What is expected — It is required that the lines from the top of the listing through the line with "0015 - Page" be reproduced exactly, excluding pictures.

Data to process —
»»
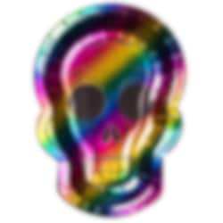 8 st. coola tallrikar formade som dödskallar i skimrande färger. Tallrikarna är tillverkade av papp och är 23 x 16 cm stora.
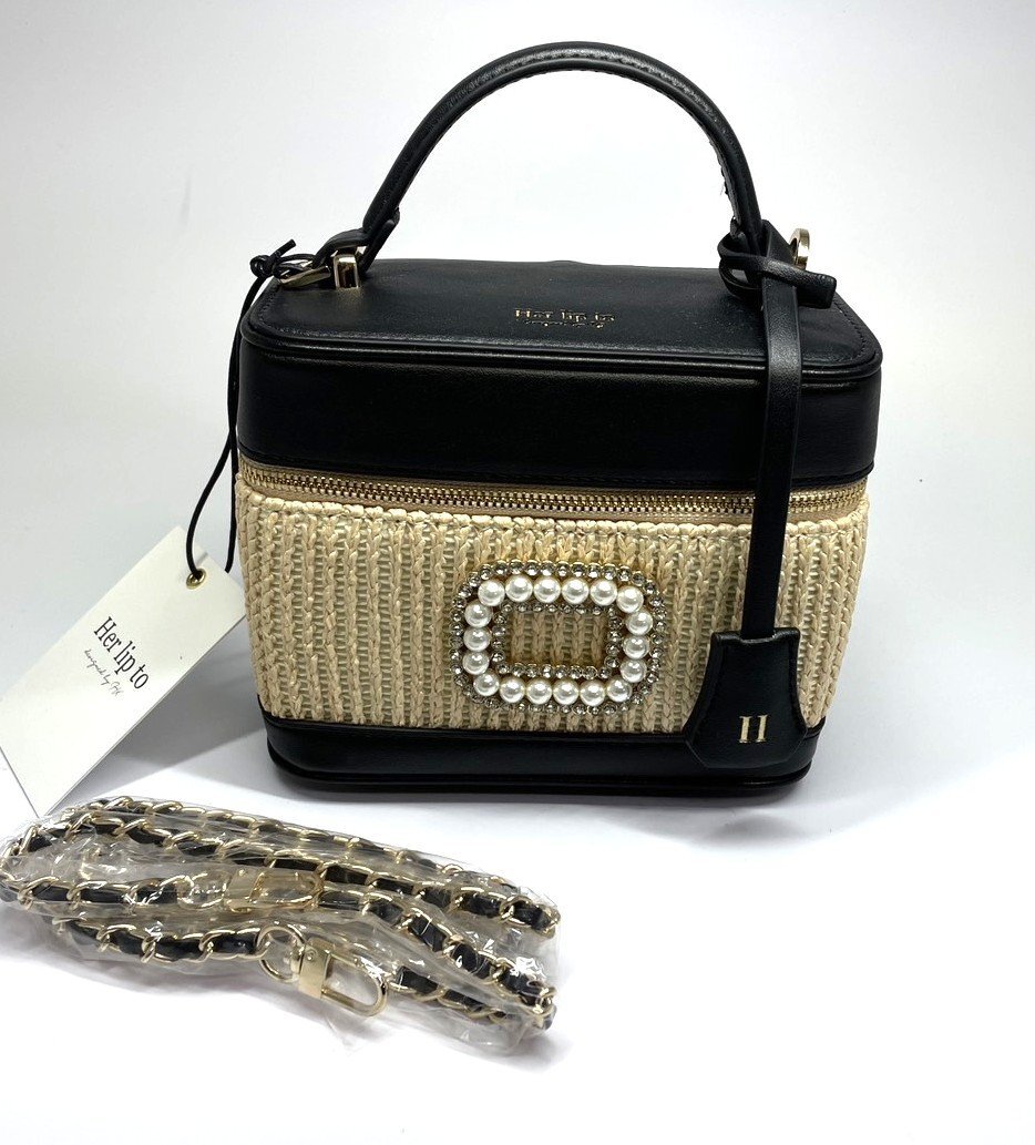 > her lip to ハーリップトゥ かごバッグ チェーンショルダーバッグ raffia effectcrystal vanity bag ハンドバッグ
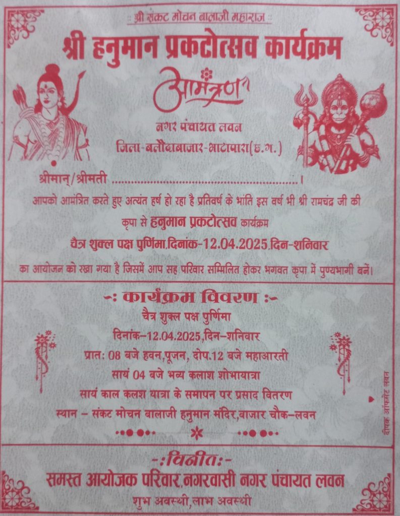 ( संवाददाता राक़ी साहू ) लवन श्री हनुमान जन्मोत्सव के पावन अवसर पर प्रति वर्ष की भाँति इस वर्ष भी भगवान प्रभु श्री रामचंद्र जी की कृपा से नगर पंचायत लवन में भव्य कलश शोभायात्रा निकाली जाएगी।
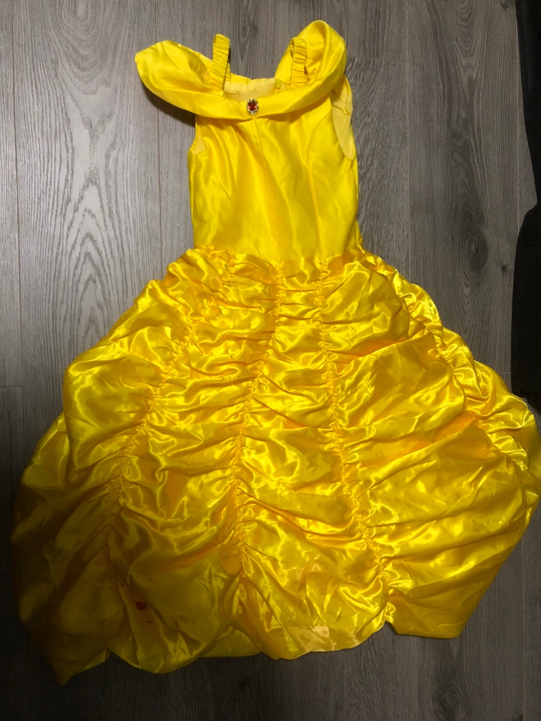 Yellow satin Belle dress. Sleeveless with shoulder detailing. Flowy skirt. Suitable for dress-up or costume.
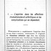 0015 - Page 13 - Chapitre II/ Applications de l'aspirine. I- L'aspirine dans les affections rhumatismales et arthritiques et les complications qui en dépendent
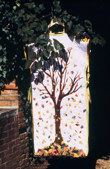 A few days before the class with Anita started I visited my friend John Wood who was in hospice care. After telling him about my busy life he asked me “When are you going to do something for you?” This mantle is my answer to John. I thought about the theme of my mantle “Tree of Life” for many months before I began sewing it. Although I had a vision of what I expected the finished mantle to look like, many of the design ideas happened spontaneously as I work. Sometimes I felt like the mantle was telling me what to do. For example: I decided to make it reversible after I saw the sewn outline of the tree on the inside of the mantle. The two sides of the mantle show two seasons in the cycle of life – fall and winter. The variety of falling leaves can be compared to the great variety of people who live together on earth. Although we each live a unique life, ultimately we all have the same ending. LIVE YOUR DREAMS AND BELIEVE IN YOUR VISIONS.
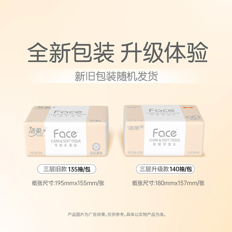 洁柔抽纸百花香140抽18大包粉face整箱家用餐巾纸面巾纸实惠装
««
Answer space —
 8 st. coola tallrikar formade som dödskallar i skimrande färger. Tallrikarna är tillverkade av papp och är 23 x 16 cm stora.
 > her lip to ハーリップトゥ かごバッグ チェーンショルダーバッグ raffia effectcrystal vanity bag ハンドバッグ
 ( संवाददाता राक़ी साहू ) लवन श्री हनुमान जन्मोत्सव के पावन अवसर पर प्रति वर्ष की भाँति इस वर्ष भी भगवान प्रभु श्री रामचंद्र जी की कृपा से नगर पंचायत लवन में भव्य कलश शोभायात्रा निकाली जाएगी।
 Yellow satin Belle dress. Sleeveless with shoulder detailing. Flowy skirt. Suitable for dress-up or costume.
 0015 - Page 13 - Chapitre II/ Applications de l'aspirine. I- L'aspirine dans les affections rhumatismales et arthritiques et les complications qui en dépendent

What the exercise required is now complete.